Krieg in der Ukraine: Verluste der Russen in Bachmut sind gewaltig
Doch auch Selenskyj braucht seine Kräfte, um auf eine mögliche Offensive der Russen im Frühjahr reagieren zu können. Kiew könnte laut Militärbeobachtern deshalb zumindest einen Teil seiner Leute aus Bachmut abziehen. „Die ukrainischen Kräfte könnten sich, angesichts der durch Bilder mit Geolocation bestätigten Zerstörung der Eisenbahnbrücke über den Fluss im Nordosten von Bachmut am 3. März, von ihren Positionen am Ostufer des Bachmutka-Flusses zurückziehen“, schreibt das in den USA ansässige Institut für Kriegsstudien (ISW).
Zuletzt wurde darüber spekuliert, dass Selenskyj diesen Schritt auch deshalb nicht geht, weil er den russischen Truppen möglichst großen Schaden zufügen will.

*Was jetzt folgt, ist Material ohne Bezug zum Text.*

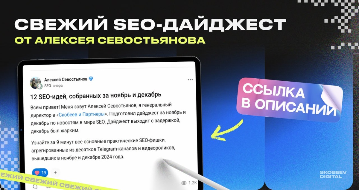 Всем привет! Меня зовут Алексей Севостьянов, я генеральный директор в «Скобеев и Партнеры». Подготовил дайджест за ноябрь и декабрь по новостям в мире SEO. Дайджест выходит с задержкой, декабрь был жарким.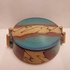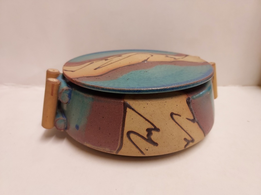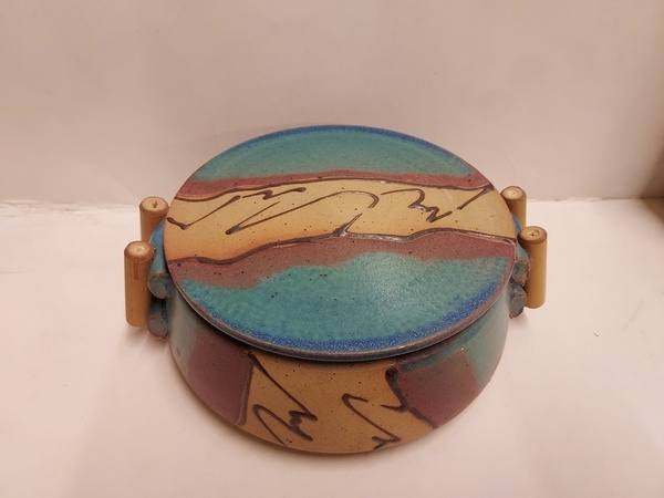 Deckeldose mit mehrfarbiger Dekoration und Bambusgriffen.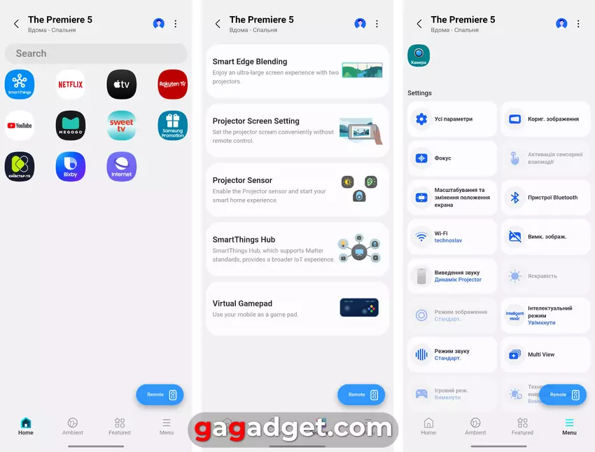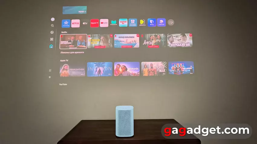 Dementsprechend können Sie mit dem Premiere 5 Filme auf einer 100-Zoll-Leinwand auch ohne künstliche Dimmung ansehen (solange kein direktes Sonnenlicht im Raum ist), obwohl das Ergebnis natürlich am Abend oder bei geschlossenen Nachtvorhängen viel interessanter ist. Und trotz des Helligkeitsverlustes gegenüber "Kino"-Projektoren (auch bei der Bildauflösung - FullHD vs. 4K) ist der Premiere 5 immer noch ein leistungsstarker Smart-Projektor mit allen Vorteilen von Tizen - er ist in das SmartThings Smart Home System integriert, arbeitet nativ mit OTT-Diensten (und benötigt keine Quellen, um Filme und TV-Sendungen zu sehen), hat einen eingebauten funktionalen Browser, mit dem man Videos auf Websites ansehen kann, und kann Bilder von Samsung-Tablets und -Smartphones drahtlos wiedergeben. Wie immer in solchen Fällen erhalten Besitzer anderer Samsung-Geräte also ihre eigenen zusätzlichen Vorteile bei der Nutzung.

Denn die Gefechte sind zwar für beide Seiten verlustreich, aber die Verluste auf russischer Seite dürften deutlich höher sein als die auf ukrainischer Seite. „Es ist in solchen Gefechten immer die angreifende Seite, die ihre Soldaten einem hohen Verlustrisiko aussetzt“, sagt Sicherheitsexperte Krause. „Man kann davon ausgehen, dass Russland seit Beginn dieses Jahres etwa 30.000 Soldaten durch Tod oder Verwundung vor Bachmut verloren hat.“ Auch die Nato schätzt, dass Russland für jeden gefallenen Ukrainer in Bachmut mindestens fünf eigene Kämpfer verloren hat. Deshalb prognostiziert das ISW: Die Verteidigung von Bachmut sei so lange strategisch vernünftig, „wie dies russische Kräfte und Ausrüstung verzehrt und solange die ukrainischen Kräfte nicht exzessive Verluste erleiden“.